Hi. I have performed MultiQC for 100 paired end reads after filtering using Cutadapt. But the result shows only for the 2nd end read for all the 100. So does the results include both forward and reverse reads?
Even after filtering using Cutadapt, the MultiQC results show many short reads as shown in the image below. So what should I do? Should I redo Cutadapt with different minimum length and quality cutoff set or will it affect the results?
your question is ill-formed, multiqc summarizes other reports, it does not select files to run analyses on, it does not generate original reports, it simply summarizes existing reports
have you performed the processes on each file? can you see the individual reports for each file?
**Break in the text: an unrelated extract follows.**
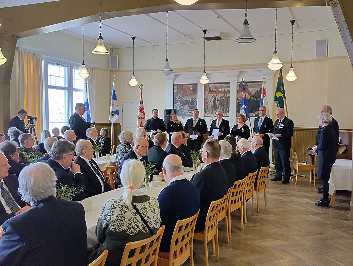 Veteraanipäivän juhlallisuudet jatkuivat kansanopiston tiloissa ohjelmallisena kahvitilaisuutena, jossa kaupungin tervehdyksen toi kaupunginjohtaja Nina-Mari Turpela ja seurakunnan tervehdyksen kirkkoherra Miika Rosendahl.

But the result shows only for the 2nd end read for all the 100. So does the results include both forward and reverse reads?
I have a feeling off the top of my head, that if you run Cutadapt in paired-end mode then MultiQC can end up naming your samples after just one of the input FastQs like this. So I suspect that it's fine, but please manually check at least one of the cutadapt log files to sanity check and make sure that it looks ok.
Even after filtering using Cutadapt, the MultiQC results show many short reads as shown in the image below.
Does the image show that? To me I see most of the samples with mostly light-blue bars, which is the category "passed filters". These are the reads that were not filtered out, that successfully passed on into the resulting FastQ files for downstream analysis.
You have one sample with a significant fraction of reads categorised as "Pairs that were too short", which are reads that were lost. This sample likely suffered from significant adapter contamination.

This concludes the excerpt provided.